内容传输编码 7 位或 8 位 [英] Content Transfer Encoding 7bit or 8 bit

查看:31
本文介绍了内容传输编码 7 位或 8 位的处理方法,对大家解决问题具有一定的参考价值,需要的朋友们下面随着小编来一起学习吧!

问题描述

在发送电子邮件内容时,需要设置内容传输编码"标题.我观察到我收到的许多电子邮件的标题.一些电子邮件使用7bit",一些电子邮件使用8bit".

While sending email content, it is required to set "Content Transfer Encoding" header. I observed many headers of emails that I received. Some emails using "7bit" and some are using "8bit".

这两者有什么区别?推荐哪个?为了设置这些标题,电子邮件正文是否需要任何特殊编码?

What is the difference between these two? Which is recommended? Is there any special encoding required for email body in order to set these headers?

推荐答案

读起来可能有点密集,但是Content-Transfer-Encoding"RFC 1341 的部分包含所有详细信息:

It can be a bit dense to read, but the "Content-Transfer-Encoding" section of RFC 1341 has all of the details:

http://www.w3.org/Protocols/rfc1341/5_Content-Transfer-Encoding.html

情况越来越糟.这是我的总结:

The situation kinda goes from bad to worse. Here's my summary:

根据定义 (RFC 821),SMTP 将邮件限制为 1000 个字符的行,每行 7 位.这意味着您通过管道发送的任何字节都不能将最高有效(最高阶")位设置为1".

SMTP, by definition (RFC 821), limits mail to lines of 1000 characters of 7 bits each. That means that none of the bytes you send down the pipe can have the most significant ("highest-order") bit set to "1".

我们要发送的内容通常不会固有地遵守此限制.想想一个图像文件,或一个包含 Unicode 字符的文本文件:这些文件的字节通常将它们的第 8 位设置为1".SMTP 不允许这样做,因此您需要使用传输编码";描述您如何解决不匹配的问题.

The content that we want to send will often not obey this restriction inherently. Think of an image file, or a text file that contains Unicode characters: the bytes of these files will often have their 8th bit set to "1". SMTP doesn't allow this, so you need to use "transfer encoding" to describe how you've worked around the mismatch.

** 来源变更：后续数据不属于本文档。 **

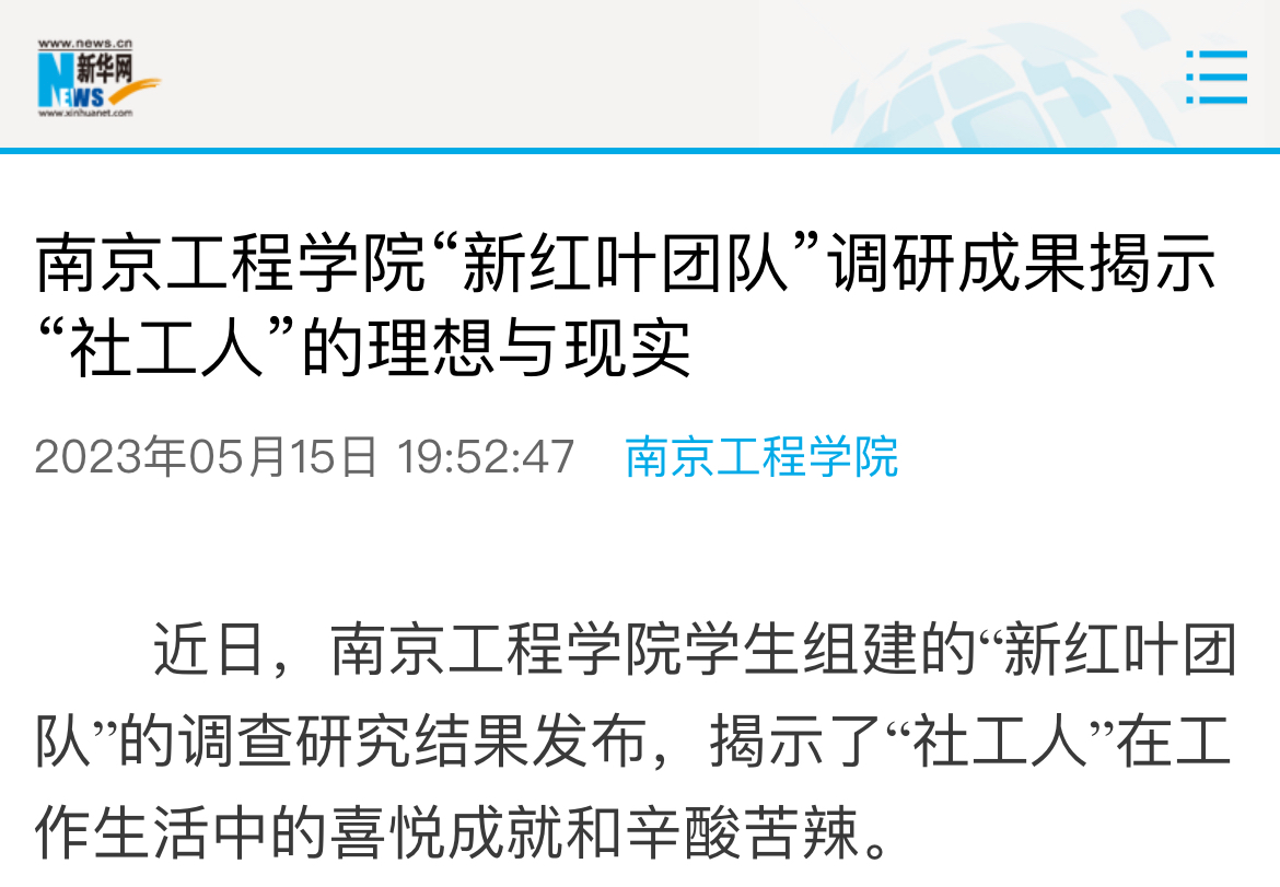 近日,威尼斯7026官网学生组建的“新红叶团队”的调查研究结果发布,揭示了“社工人”在工作生活中的喜悦成就和辛酸苦辣。

Content-Transfer-Encoding 标头的值描述了您为解决此问题而选择的规则.

The values for the Content-Transfer-Encoding header describe the rule that you've chosen to solve this problem.

7bit 仅表示我的数据仅由 US-ASCII 字符组成,每个字符仅使用低 7 位".您基本上可以保证内容中的所有字节都已遵守 SMTP 的限制,因此不需要特殊处理.您可以按原样阅读.

7bit simply means "My data consists only of US-ASCII characters, which only use the lower 7 bits for each character." You're basically guaranteeing that all of the bytes in your content already adhere to the restrictions of SMTP, and so it needs no special treatment. You can just read it as-is.

请注意,当您选择 7bit 时,即表示您同意内容中的所有行的长度都小于 1000 个字符.

Note that when you choose 7bit, you're agreeing that all of the lines in your content are less than 1000 characters in length.

只要您的内容遵守这些规则,7bit 是最好的传输编码,因为不需要额外的工作;您只需在字节离开管道时读/写字节.观察 7bit 内容并理解它也很容易.这里的想法是,如果你只是用纯英文文本"写作你会没事的.但 在 2005 年并非如此今天不是这样.

As long as your content adheres to these rule, 7bit is the best transfer encoding, since there's no extra work necessary; you just read/write the bytes as they come off the pipe. It's also easy to eyeball 7bit content and make sense of it. The idea here is that if you're just writing in "plain English text" you'll be fine. But that wasn't true in 2005 and it isn't true today.

8bit 表示我的数据可能包含扩展的 ASCII 字符;他们可以使用第 8(最高)位来表示标准 US-ASCII 7 位字符之外的特殊字符."与 7bit 一样,仍然有 1000 个字符的行限制.

8bit means "My data may include extended ASCII characters; they may use the 8th (highest) bit to indicate special characters outside of the standard US-ASCII 7-bit characters." As with 7bit, there's still a 1000-character line limit.

8bit7bit 一样,实际上不会在字节写入或读取时进行任何转换.这只是意味着您不能保证没有任何字节的最高位设置为1".

8bit, just like 7bit, does not actually do any transformation of the bytes as they're written to or read from the wire. It just means that you're not guaranteeing that none of the bytes will have the highest bit set to "1".

这似乎是 7bit 的升级版,因为它为您的内容提供了更大的自由度.但是,RFC 1341 包含此花絮:

This seems like a step up from 7bit, since it gives you more freedom in your content. However, RFC 1341 contains this tidbit:

截至本文档发布时,还没有标准化的 Internet 传输允许在邮件正文中包含未编码的 8 位或二进制数据.因此,不存在8bit"的情况.或二进制"内容传输编码在互联网上实际上是合法的.

As of the publication of this document, there are no standardized Internet transports for which it is legitimate to include unencoded 8-bit or binary data in mail bodies. Thus there are no circumstances in which the "8bit" or "binary" Content-Transfer-Encoding is actually legal on the Internet.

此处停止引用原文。